_Task goal:_ An exact copy of the entries, with every picture omitted, is what is needed here.

------------------------------------

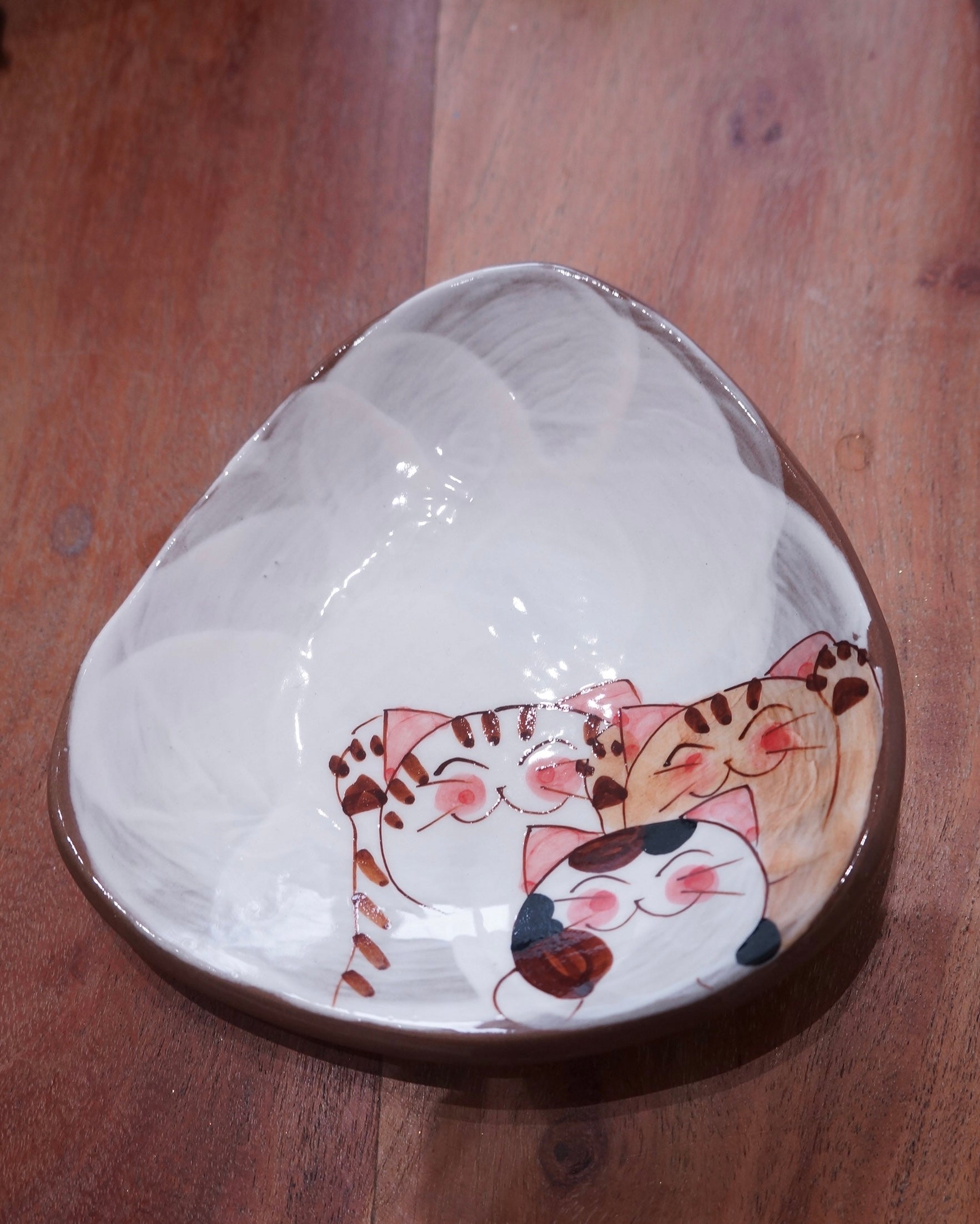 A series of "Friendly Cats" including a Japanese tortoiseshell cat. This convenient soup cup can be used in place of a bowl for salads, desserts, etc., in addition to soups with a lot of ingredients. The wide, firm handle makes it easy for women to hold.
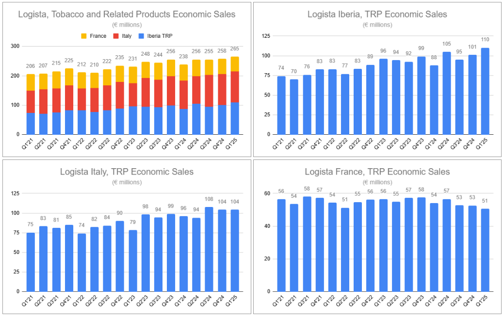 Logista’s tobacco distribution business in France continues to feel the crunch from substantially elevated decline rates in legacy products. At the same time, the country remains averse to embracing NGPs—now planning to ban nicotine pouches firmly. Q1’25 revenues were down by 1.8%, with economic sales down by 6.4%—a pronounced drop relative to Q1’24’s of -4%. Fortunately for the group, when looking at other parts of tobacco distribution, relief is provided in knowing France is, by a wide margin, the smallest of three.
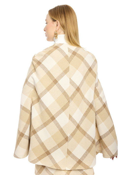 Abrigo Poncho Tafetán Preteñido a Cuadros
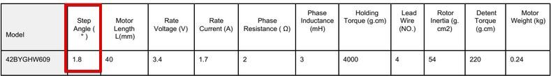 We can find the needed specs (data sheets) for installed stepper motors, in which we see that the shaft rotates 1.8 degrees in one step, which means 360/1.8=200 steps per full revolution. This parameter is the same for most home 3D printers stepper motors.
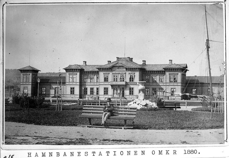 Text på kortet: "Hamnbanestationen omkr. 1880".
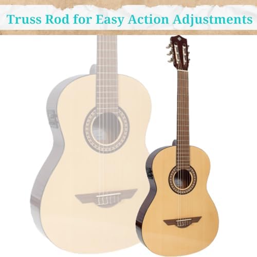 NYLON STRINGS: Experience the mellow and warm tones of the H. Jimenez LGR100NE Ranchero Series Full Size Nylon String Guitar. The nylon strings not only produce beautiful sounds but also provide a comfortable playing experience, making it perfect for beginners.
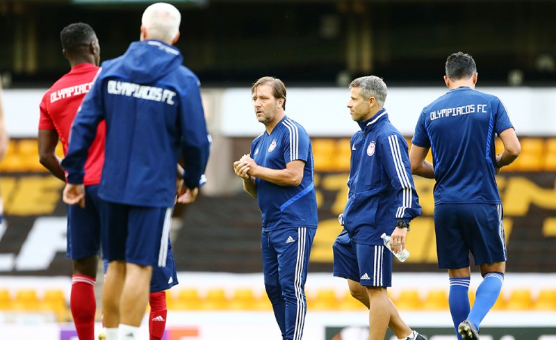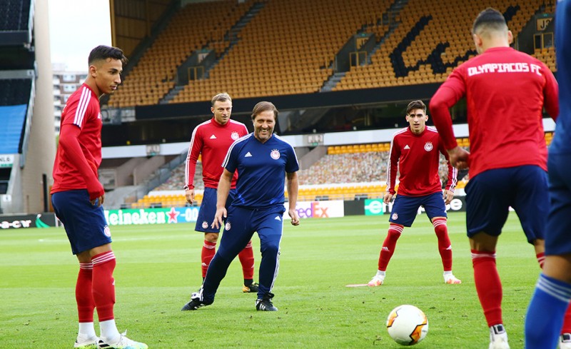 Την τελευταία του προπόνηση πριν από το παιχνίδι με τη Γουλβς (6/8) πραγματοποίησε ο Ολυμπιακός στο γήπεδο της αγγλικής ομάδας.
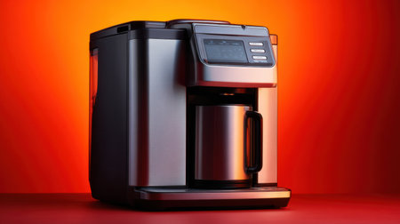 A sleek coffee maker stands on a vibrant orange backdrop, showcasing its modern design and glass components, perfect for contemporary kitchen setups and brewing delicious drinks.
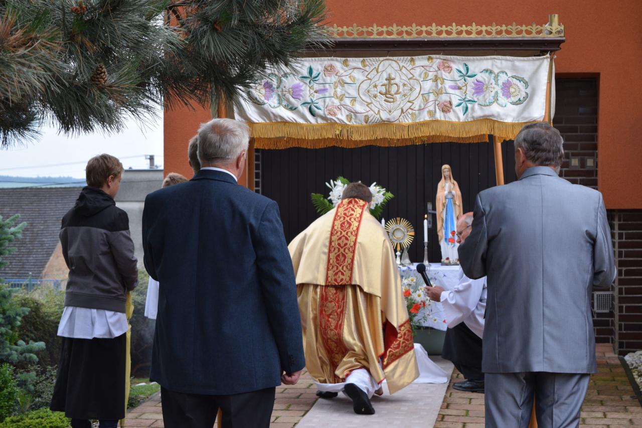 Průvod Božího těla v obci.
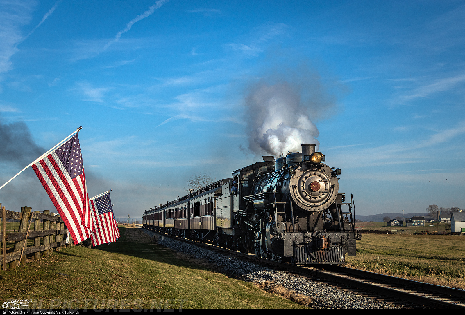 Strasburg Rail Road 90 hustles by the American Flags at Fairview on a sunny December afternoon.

------------------------------------

_Solution for this problem:_
 A series of "Friendly Cats" including a Japanese tortoiseshell cat. This convenient soup cup can be used in place of a bowl for salads, desserts, etc., in addition to soups with a lot of ingredients. The wide, firm handle makes it easy for women to hold.
 Logista’s tobacco distribution business in France continues to feel the crunch from substantially elevated decline rates in legacy products. At the same time, the country remains averse to embracing NGPs—now planning to ban nicotine pouches firmly. Q1’25 revenues were down by 1.8%, with economic sales down by 6.4%—a pronounced drop relative to Q1’24’s of -4%. Fortunately for the group, when looking at other parts of tobacco distribution, relief is provided in knowing France is, by a wide margin, the smallest of three.
 Abrigo Poncho Tafetán Preteñido a Cuadros
 We can find the needed specs (data sheets) for installed stepper motors, in which we see that the shaft rotates 1.8 degrees in one step, which means 360/1.8=200 steps per full revolution. This parameter is the same for most home 3D printers stepper motors.
 Text på kortet: "Hamnbanestationen omkr. 1880".
 NYLON STRINGS: Experience the mellow and warm tones of the H. Jimenez LGR100NE Ranchero Series Full Size Nylon String Guitar. The nylon strings not only produce beautiful sounds but also provide a comfortable playing experience, making it perfect for beginners.
 Την τελευταία του προπόνηση πριν από το παιχνίδι με τη Γουλβς (6/8) πραγματοποίησε ο Ολυμπιακός στο γήπεδο της αγγλικής ομάδας.
 A sleek coffee maker stands on a vibrant orange backdrop, showcasing its modern design and glass components, perfect for contemporary kitchen setups and brewing delicious drinks.
 Průvod Božího těla v obci.
 Strasburg Rail Road 90 hustles by the American Flags at Fairview on a sunny December afternoon.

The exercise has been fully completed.